Belen Police Reintroduce Modernized DARE Curriculum, Train Officers for Schools
Belen Police launched a modernized DARE program this winter at Dennis Chavez and Rio Grande elementaries — a 10-week course costing $500 per offering, Deputy Chief Mario Vallejos said.

The Belen Police Department reintroduced a modernized Drug Abuse Resistance Education curriculum this winter, placing third-graders at Dennis Chavez Elementary and sixth-graders at Rio Grande Elementary into a 10-week course that Deputy Chief Mario Vallejos said costs $500 each time the department offers it. The $500 figure covers books, t-shirts, backpacks, prizes, graduations and related materials, department leaders told the News-Bulletin.
Two BPD officers and a district security supervisor are staffing the lessons. Joe Griego, the department’s school resource officer, and officer Miranda Gonzales are listed as the two official DARE officers, with Pauline Vallejos, Belen Consolidated Schools’ security supervisor, serving as one of the instructors. Pauline Vallejos is described by the News-Bulletin as one of only four civilians nationwide who is a certified DARE instructor, and she said, “This is huge for our kids; it’s huge for our community.”
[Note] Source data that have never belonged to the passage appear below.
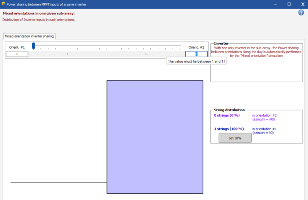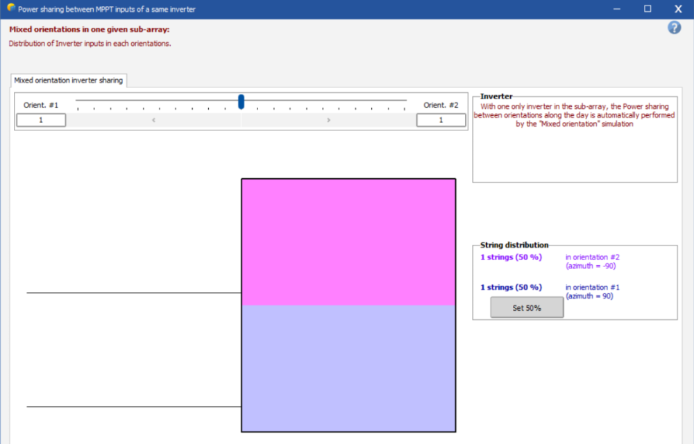 15. Dear Linda, In this case. I have 2 orientations. I use the Orient. Mixed #1 & #2. I have one inverter with 2 MPPT inputs. With option Nb. strings in parall.: 2. That it means, I have two strings parallel in one mppt input? I ask this because, in orient distrib., I have that. And I am confused, because of the fact we can't to define pv modules in series with several orientations, in one string. How that is possible? And how the option Orient mixed #1 & #2 work? Thank you!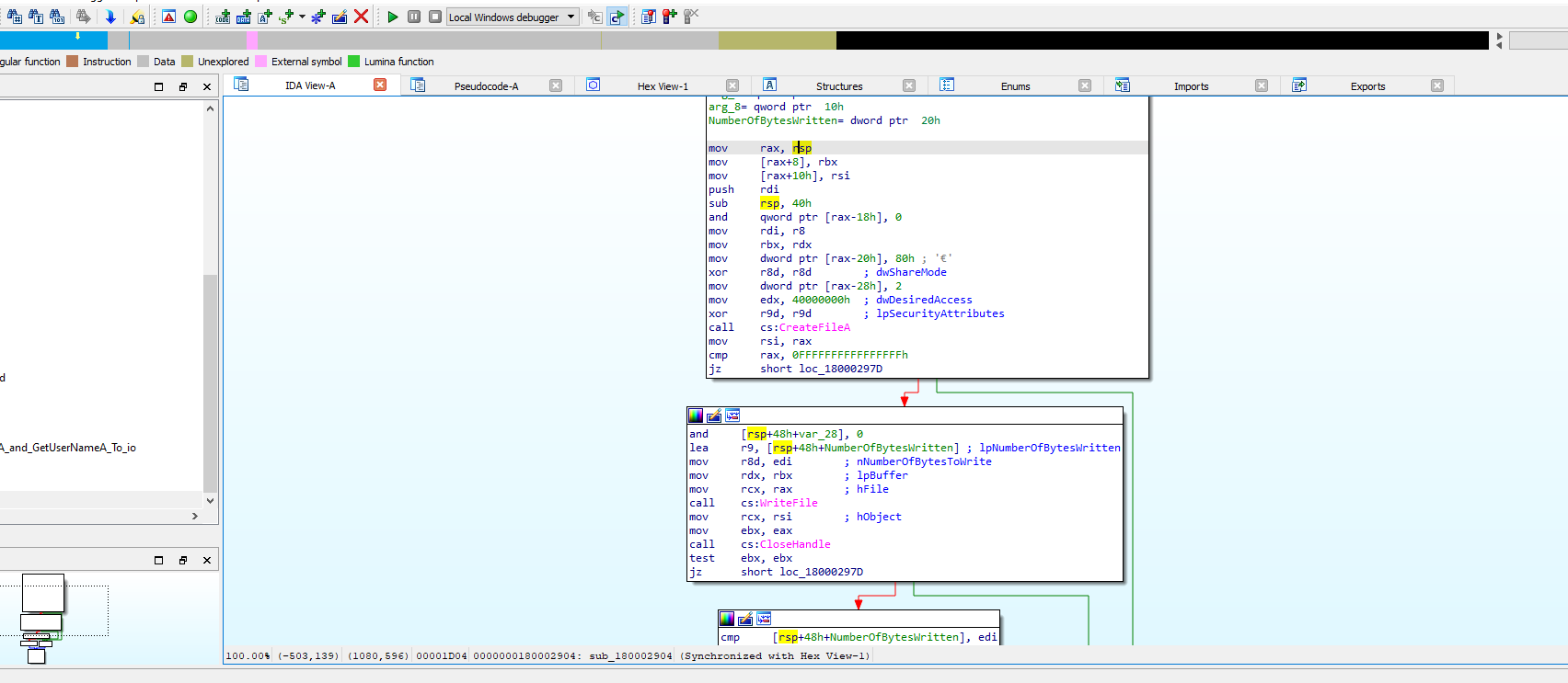 As the server is down, we can’t take the proper jump, which from static analysis we know is responsible for writing a file to the system in c:\\ProgramData\\, which will probably be the second stage of the malware downloaded from the C2 server.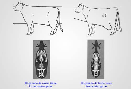 Al comparar la conformación ósea, el bovino de leche posee huesos delgados y un cuero fino, viéndose flacos y angulosos, a diferencia del bovino de carne que posee huesos y cuero más gruesos, con acumulación de grasa, por lo que se ven más robustos y curvilíneos.

The DARE revival in Belen follows a long gap: the department ran DARE in the 1980s and 1990s and stopped after longtime DARE officer Roy Gonzales retired. Deputy Chief Mario Vallejos told the Belen City Council last week that the department “got involved in the program and with Belen Consolidated Schools about a year and a half ago. We went to a couple of different conferences and found out the program still exists.” He described the “new” DARE as much more than the original “Just say no” message.
Belen Schools is contributing to program costs while the police department is actively raising additional funds to keep the lessons running, officials said. The News-Bulletin reported the department is seeking donations and other support to finance repeated 10-week offerings across the district; the article did not specify how many class cycles are planned this school year.

Certification and training differ across roles. The News-Bulletin explicitly confirms Pauline Vallejos’ certified-instructor status but does not state whether Griego or Miranda Gonzales hold DARE instructor certifications. Elsewhere, departments returning the program have required multi-day training: Douglas County Sheriff Nate Chaplin, who became a certified DARE officer in 2007, reintroduced the curriculum countywide after staffing allowed and said the program focuses on building relationships and referrals rather than arrests, noting “only about 3% of what we do actually results in an arrest.” In North Bend, Oregon, Officer Jerad Jaehnig completed a two-week certification in Salem and described the modern lessons as interactive, adding it’s “not even the same program at all.”
The DARE rollout arrives as Belen expands school safety staffing. KRQE reported this school year Belen Consolidated Schools has three school resource officers — Officer Kiana Garcia at Belen Middle School and Officer Sarah Martinez covering seven elementary schools — funded through a mix of city and district contributions, with an estimated cost of about $150,000 per officer and week-long SRO training in Albuquerque. BPD leaders say the department hopes the combined SRO and DARE presence will strengthen relationships between officers and students and position Belen as a model for similar rural districts.